INSTRUCTIONS FOR THE TASK: Copy the data that follows, character for character, minus the pictures.

RECORDS TO PROCESS:
━━━━━━━━

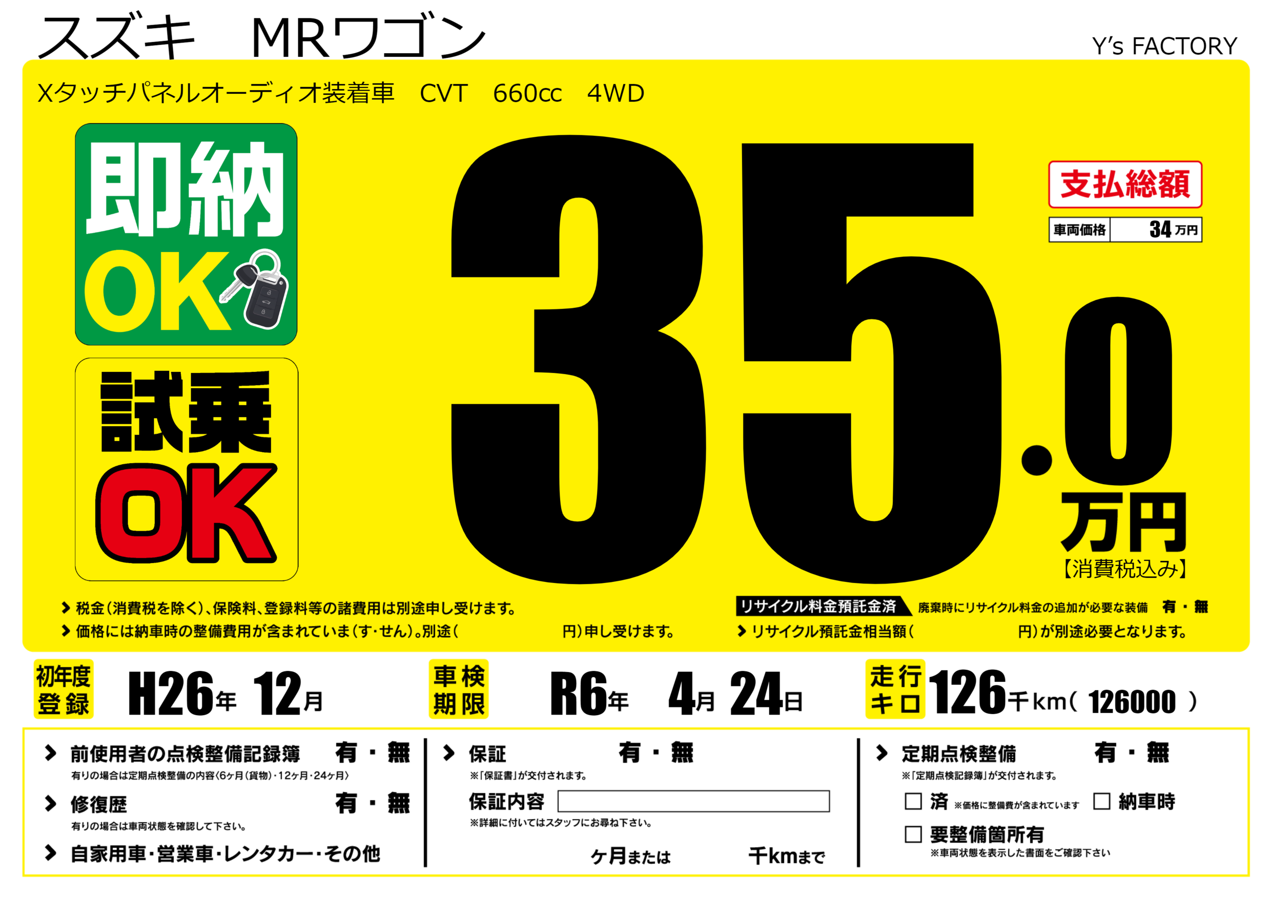 | 車検制限 | R6年 4月 24日 | ||
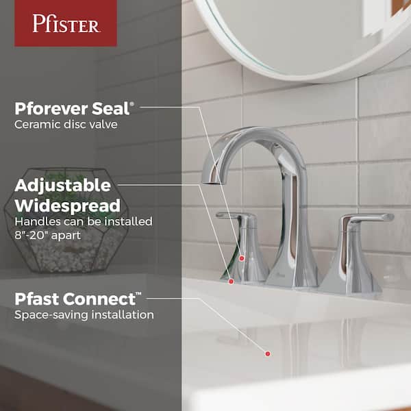 • Widespread bathroom faucet: Accommodates 3-hole countertops
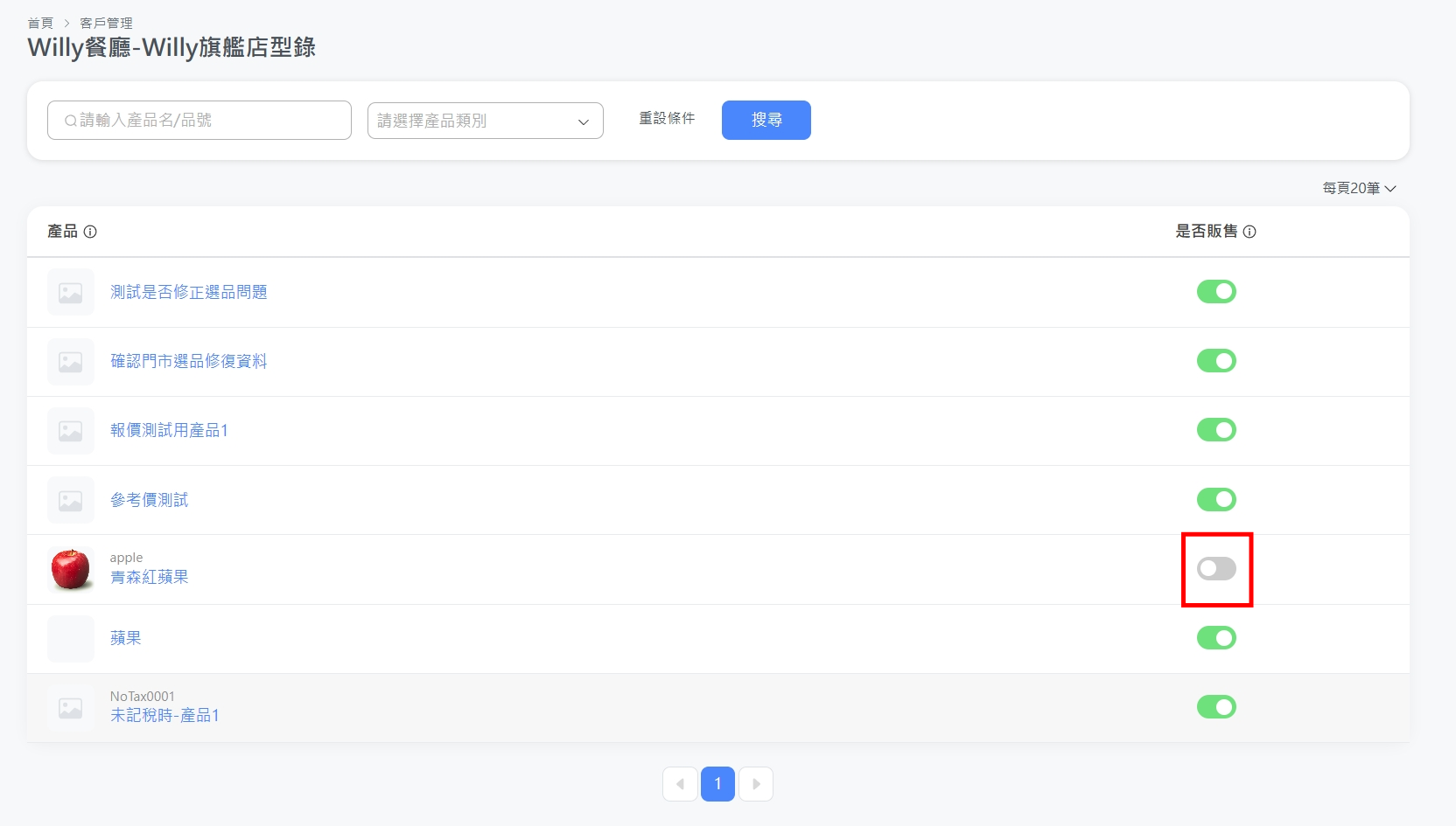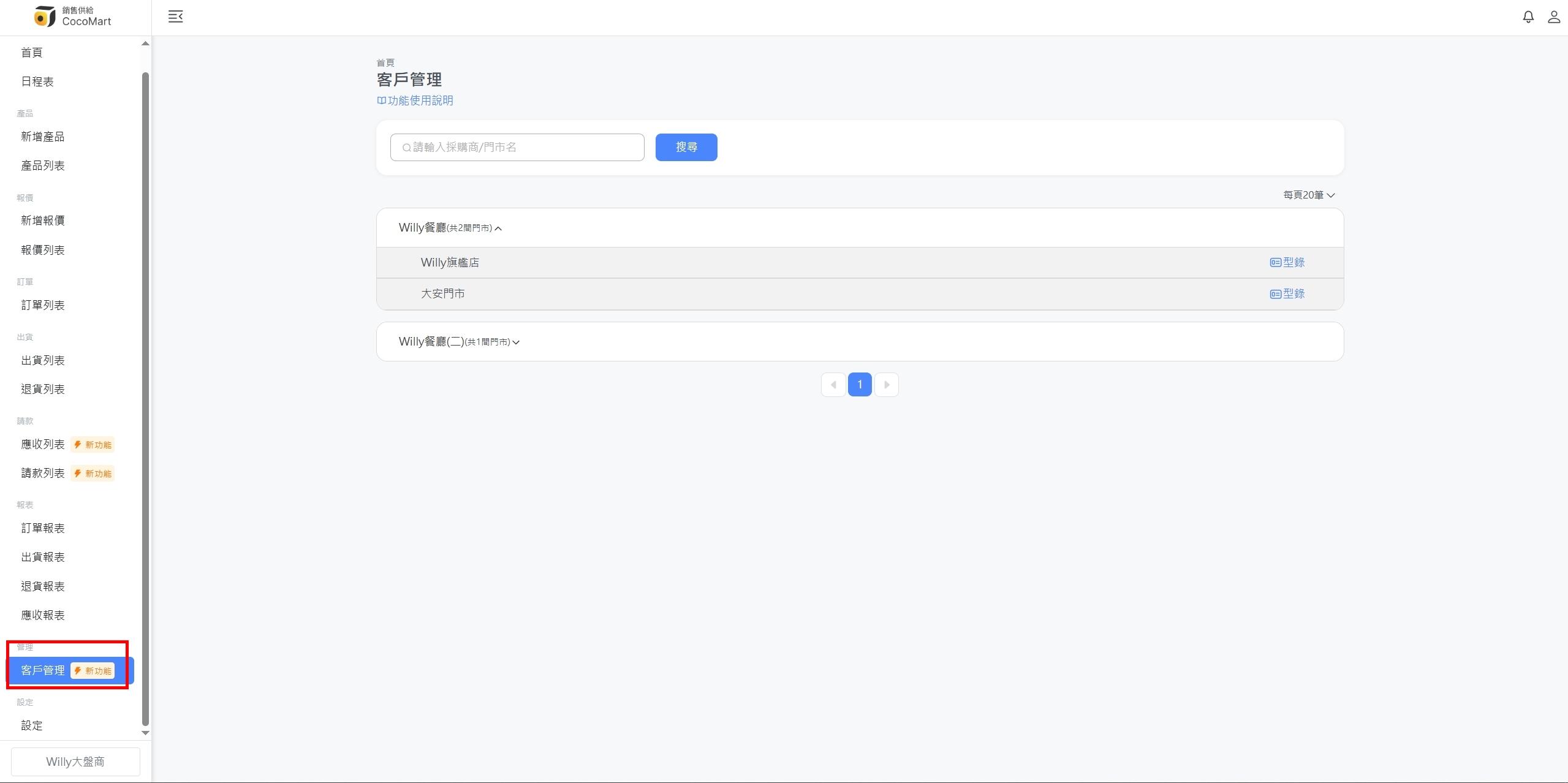 🤝客戶管理 功能教學 我不再提供某個品項給某間門市了,可是還會出給其他門市,可以「對特定門市下架特定產品」嗎? 前往「客戶管理」 找到要管理的門市,點選該門市的「型錄」(即「門市看到的產品列表」) 找到不再販售給該門市的產品,點一下「關閉」 綠色:門市可以下單 灰色:門市看不到該品項,也不可以下單
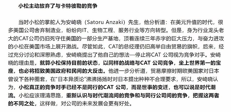 有时候对于商业的理解是很头疼的。当年小松主动放弃了与
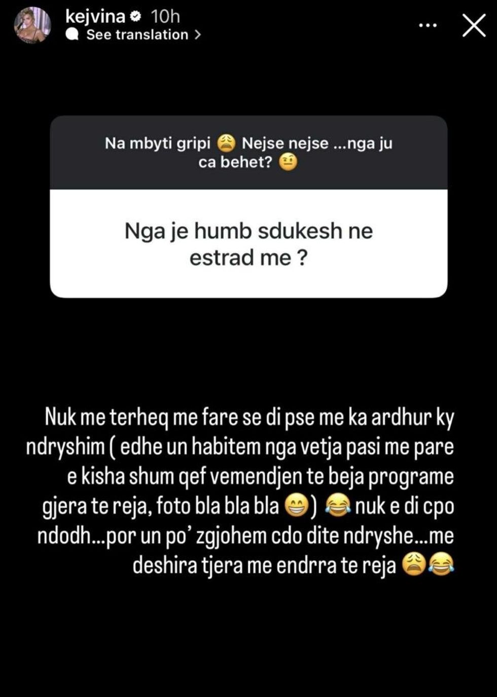 “Nuk më tërheq më fare, se di pse më ka ardhur ky ndryshim (edhe unë habitem nga vetja, pasi më parë e kisha shumë qejf vëmendjen, të bëja programe, gjëra të reja, foto bla bla). Nuk e di ç’po ndodh… por unë po zgjohem çdo ditë ndryshe, me dëshira tjera, me ëndrra të reja”, ka shkruar ajo në përgjigjen e një pyetjeje nga ndjekësit.
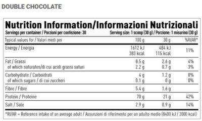 Plant Protein Matrix (Pea Protein Isolate, Rice Protein Isolate), Cocoa Powder, Flavour, Salt, Thickener (Guar Gum, Xanthan Gum), Sweetener (Sucralose).

━━━━━━━━

RESPONSE:
 | 車検制限 | R6年 4月 24日 | ||
 • Widespread bathroom faucet: Accommodates 3-hole countertops
 🤝客戶管理 功能教學 我不再提供某個品項給某間門市了,可是還會出給其他門市,可以「對特定門市下架特定產品」嗎? 前往「客戶管理」 找到要管理的門市,點選該門市的「型錄」(即「門市看到的產品列表」) 找到不再販售給該門市的產品,點一下「關閉」 綠色:門市可以下單 灰色:門市看不到該品項,也不可以下單
 有时候对于商业的理解是很头疼的。当年小松主动放弃了与
 “Nuk më tërheq më fare, se di pse më ka ardhur ky ndryshim (edhe unë habitem nga vetja, pasi më parë e kisha shumë qejf vëmendjen, të bëja programe, gjëra të reja, foto bla bla). Nuk e di ç’po ndodh… por unë po zgjohem çdo ditë ndryshe, me dëshira tjera, me ëndrra të reja”, ka shkruar ajo në përgjigjen e një pyetjeje nga ndjekësit.
 Plant Protein Matrix (Pea Protein Isolate, Rice Protein Isolate), Cocoa Powder, Flavour, Salt, Thickener (Guar Gum, Xanthan Gum), Sweetener (Sucralose).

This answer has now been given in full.